The European Court of Human Rights posed questions to Russian authorities concerning the application from Temirlan Eskerkhanov, one of the convicts in the case of assassination of Boris Nemtsov in 2015. Eskerkhanov reported that after apprehension he was subjected to tortures by law-enforcement officers of several agencies at the same time, however, the Investigative Committee did not check this application appropriately.
As we have previously reported, according to Eskerkhanov, who applied to the Moscow branch of the Committee Against Torture in 2015 for legal assistance, during his apprehension in Moscow on 7 March 2015, unidentified people in badgeless uniform and in civilian clothes beat him up, threatened him with physical violence and pointed a gun at him. In addition, they asked him questions concerning the Boris Nemtsov assassination.
According to Eskerkhanov, he spent over an hour on the floor head down wearing undergarment, his hands were handcuffed behind his back. Subsequently, he was taken to the Chief Department of the Investigative Committee of Russia, in addition, on the road Eskerkhanov was also beaten up and his hair torn out, and the abuse was recorded on the mobile phones cameras.
Next time, according to Eskerkhanov, he was beaten up at the Investigative Committee: he was made standing facing the wall and the investigators were beating him at internal sides of his thighs, at the same time, they were threatening him with rape and physical violence. Subsequently, Eskerkhanov was taken into custody and put to the temporary detention cell, where, as he claims, he failed to make the doctors register his bodily injuries, instead, the officers who delivered him, were present during the examination and filmed him naked on the mobile phones.
On 8 March 2015, Eskerkhanov was delivered to the Basmanny District Court of Moscow. He claims that during transportation to the building of the court and back he was subjected to physical violence by the convoy. Several times they hit him with fists in the stomach, as well as made several blows with machine-guns at his ribs because he did not want to answer their questions. Then, one of the convoy officers took a lighter from his colleague, brought it to the face of the applicant and put his beard on fire, after that he ran with his hand over his beard several times, having put the fire off. In addition, the convoy officers were insulting the applicant with foul language and threatened him with physical violence.
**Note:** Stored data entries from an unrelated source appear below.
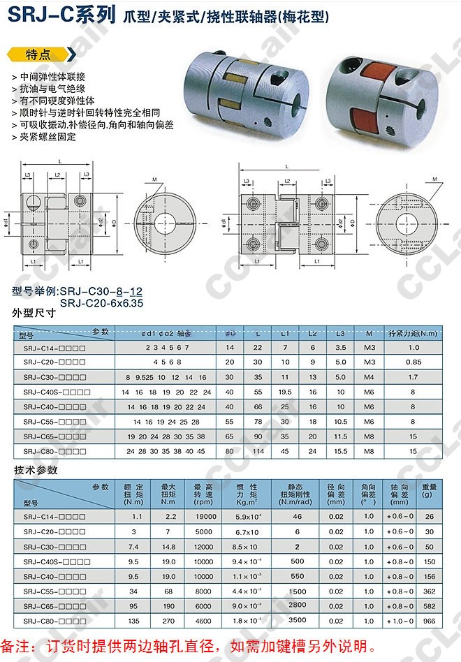 SRJ-C14,SRJ-C20,SRJ-C30,SRJ-C40S,SRJ-C40,SRJ-C55,SRJ-C65,SRJ-C80,梅花形聯(lián)軸器
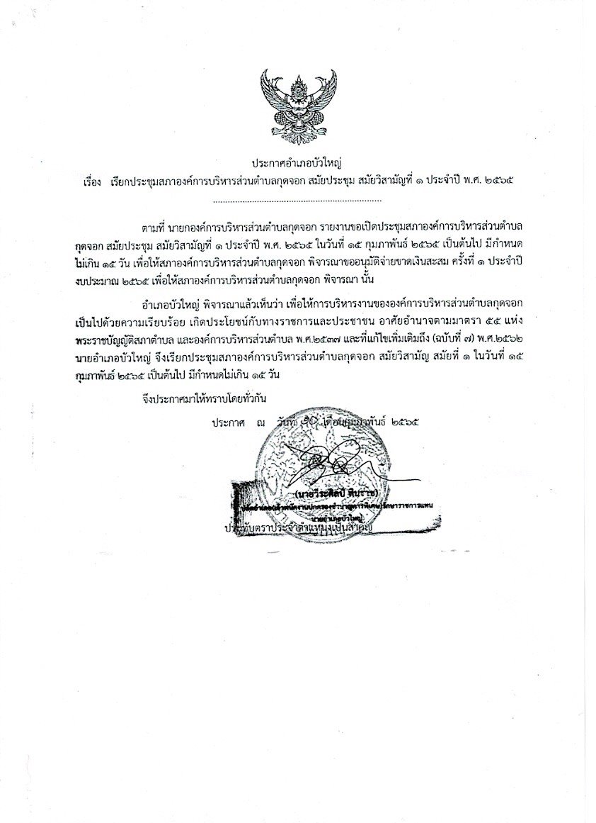 ประกาศอำเภอบัวใหญ่ เรื่องเรียกประชุมสภา สมัยวิสามัญ สมัยที่ ๑ ประจำปี ๒๕๖๕ |
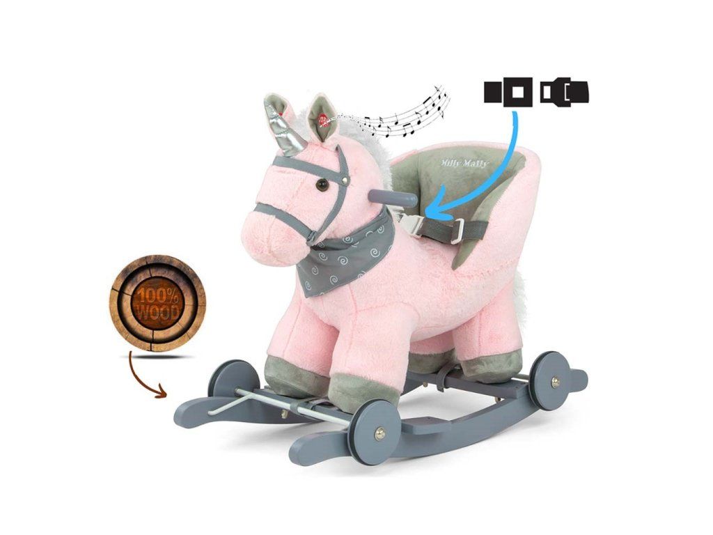 Hojdací koník s melódiou a kolieskami Milly Mally Polly rúžový - 36416
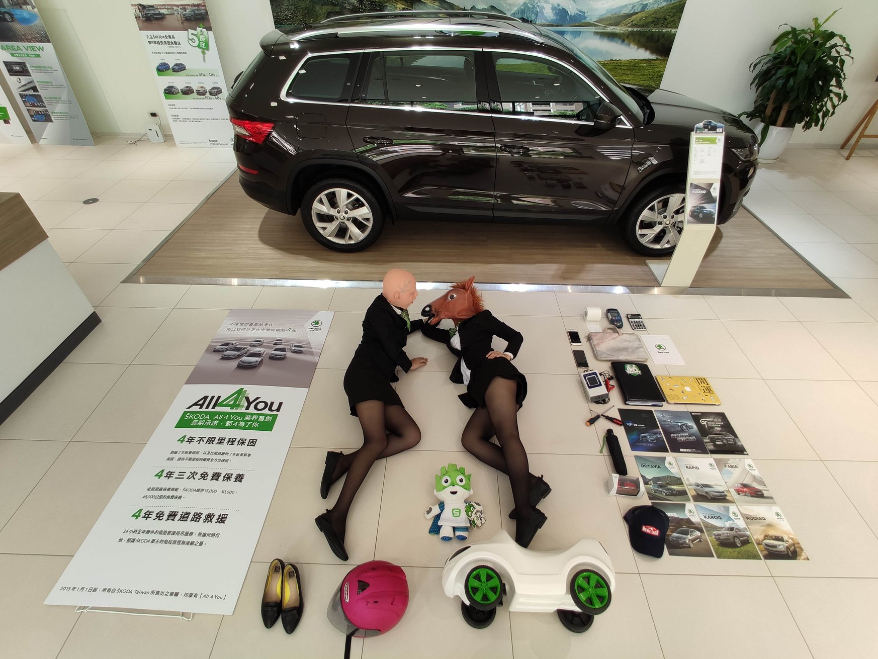 ▼「Skoda榮陞汽車」也分享了她們頭戴動物頭套的畫面,有些人也認為,重點幾乎都放上銷售顧問上,不太像開箱文啦~
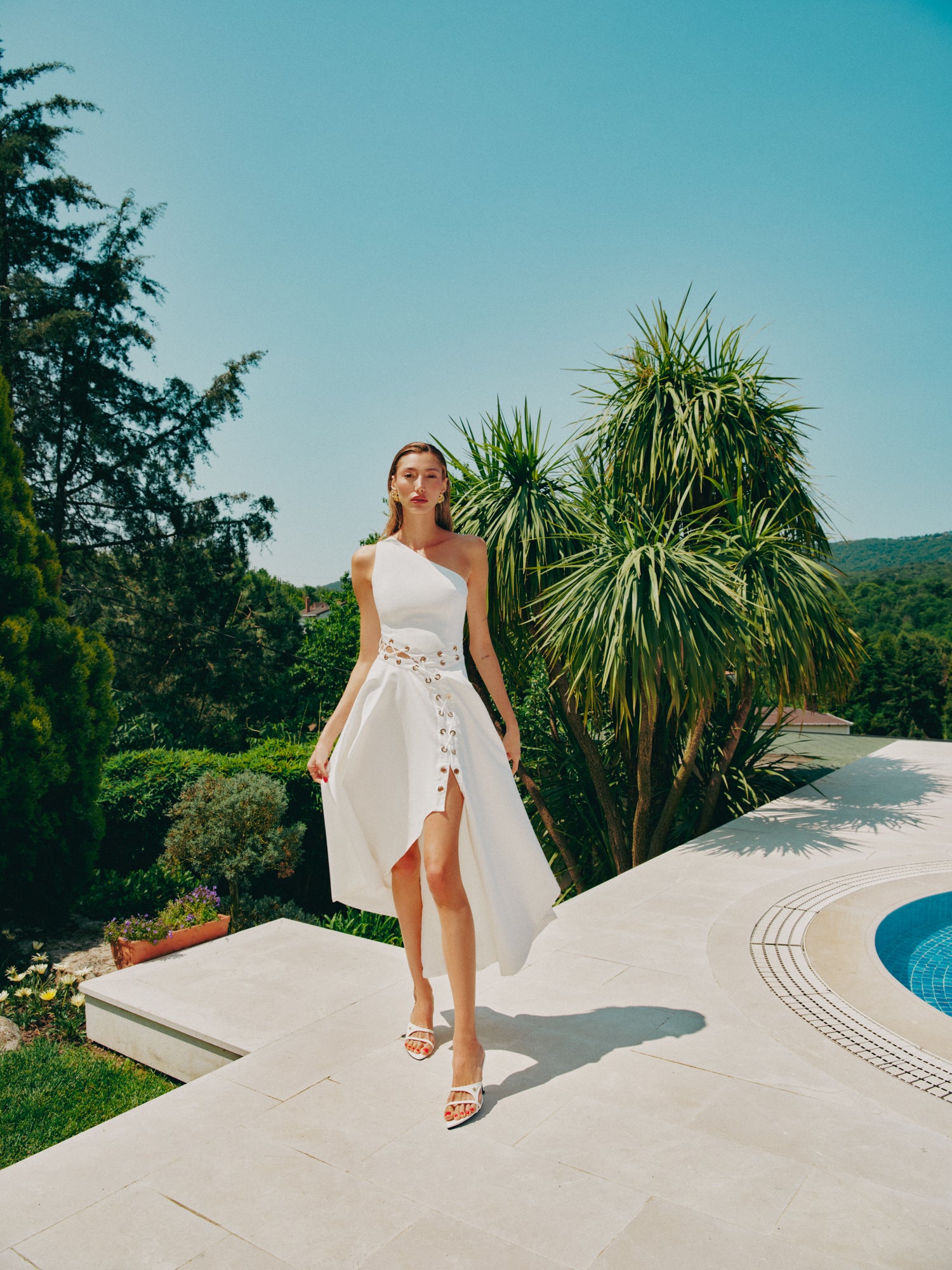 TEK OMUZ BELDEN İP AKSESUAR İLE BAĞLI ASİMETRİK FORMLU KOTON ELBİSE BEYAZ

Having initiated a public investigation, human rights defenders immediately faced with difficulties and reluctance of the official investigative authorities to conduct a check with regard to Eskerkhanov’s application concerning brutal treatment by the law-enforcement officers.
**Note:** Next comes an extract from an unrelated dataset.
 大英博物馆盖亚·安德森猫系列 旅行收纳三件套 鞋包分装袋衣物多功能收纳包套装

“Senior investigator for major cases with the Chief Investigative Department of the Investigative Committee of the RF colonel of justice Aleksey Stadnikov completed the check of a crime report within a month and issued a refusal to open a criminal case, – lawyer with the Committee Against Torture Sergey Babinets recalls. – When we familiarized with the materials of the check, we found out that the investigator ignored Eskerkhanov’s words on how he was abused at the Basmanny District Court. In addition, he did not identify or question the convoy officers, failed to assign a medical forensic examination of Eskerkhanov, failed to perform examination of the scene of the incident, did not seize the records of the video surveillance cameras in court, did not establish or question the FSB officers who apprehended Eskerkhanov”.
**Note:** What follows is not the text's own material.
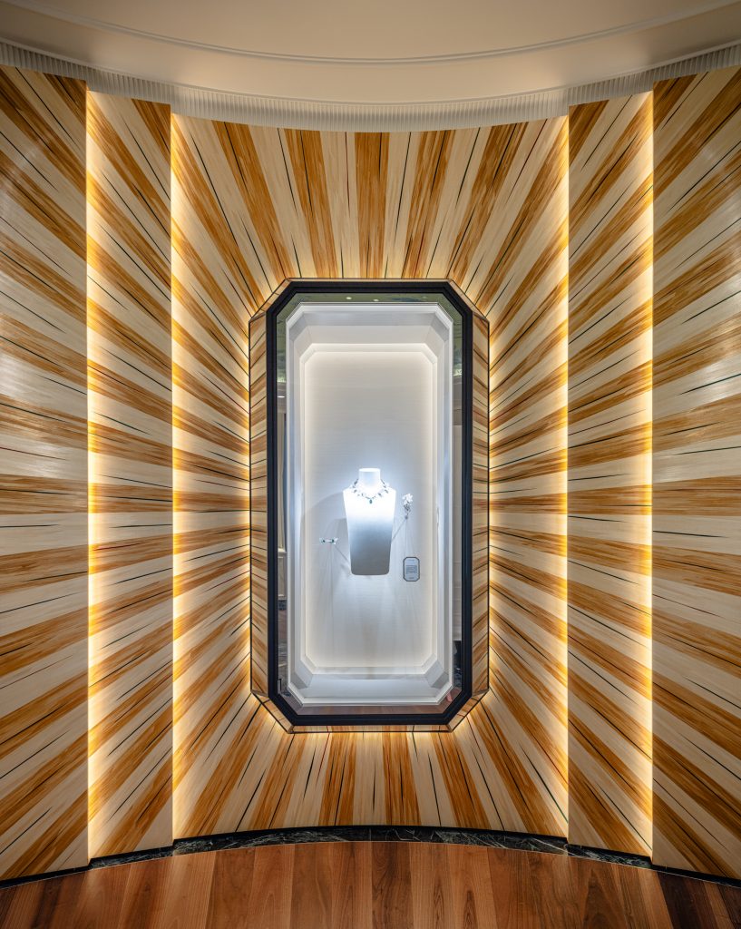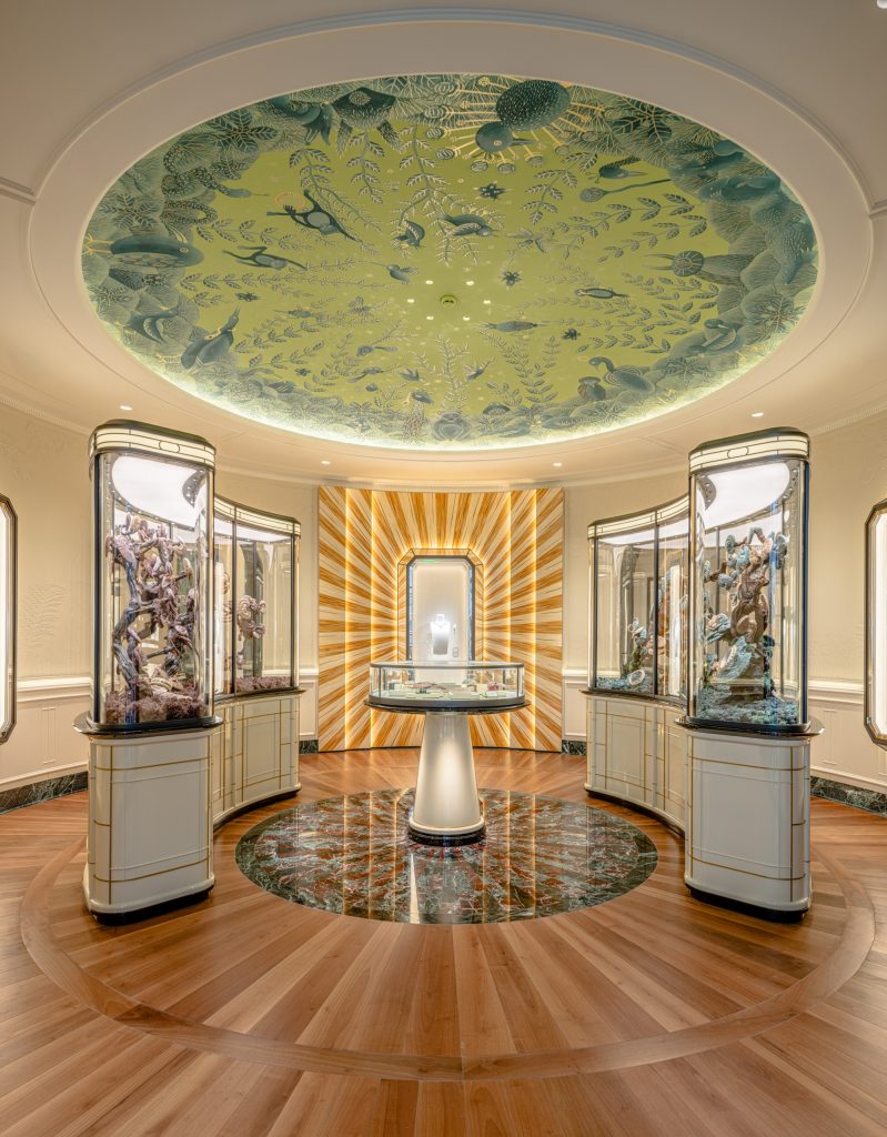 L’actrice Chen Duling, radieuse, a parcouru les salons du flagship vêtue de créations spectaculaires : le collier Tricot, serti d’un diamant rond de 2,01 carats et pavé de diamants, la bague Boutons (4,63 carats) et les boucles d’oreilles assorties, toutes rehaussées de cristal de roche. Lors de l’exposition, elle a choisi les bijoux d’épaule The Silhouette — deux diamants ronds totalisant 5,16 carats — ainsi que le bracelet assorti (2,30 carats), avant d’opter pour un troisième look avec le collier point d’interrogation « Plume de Paon », pavé de diamants en or blanc. Chaque pièce soulignait sa silhouette avec une grâce couture, entre puissance et délicatesse.

This refusal to initiate criminal proceedings was repeatedly appealed against to the superiors of investigator Stadnikov and to the court. Lawyers with the Committee Against Torture together with lawyers Olga Golub and Rosa Magomedova passed all the instances and, as a result, submitted a complaint to the Supreme Court of Russia. However, they did not succeed in quashing the refusal.
In June 2016, human rights defenders and lawyers applied to the European Court of Human Rights with a complaint in the interests of Temirlan Eskerkhanov. In July 2020, this application was communicated. The court posed the following questions to the Russian authorities:
– regarding the events of March 7 and 8, 2015, was the applicant subjected to tortures, inhumane or degrading treatment while remaining in custody in violation of Article 3 of the Convention? As to procedural defense from inhumane or degrading treatment, was the investigation conducted by the national authorities in this case compatible with the requirements set forth in Article 3 of the Convention (the Government is requested to provide all the materials related to the events from 7 to 8 March 2015)?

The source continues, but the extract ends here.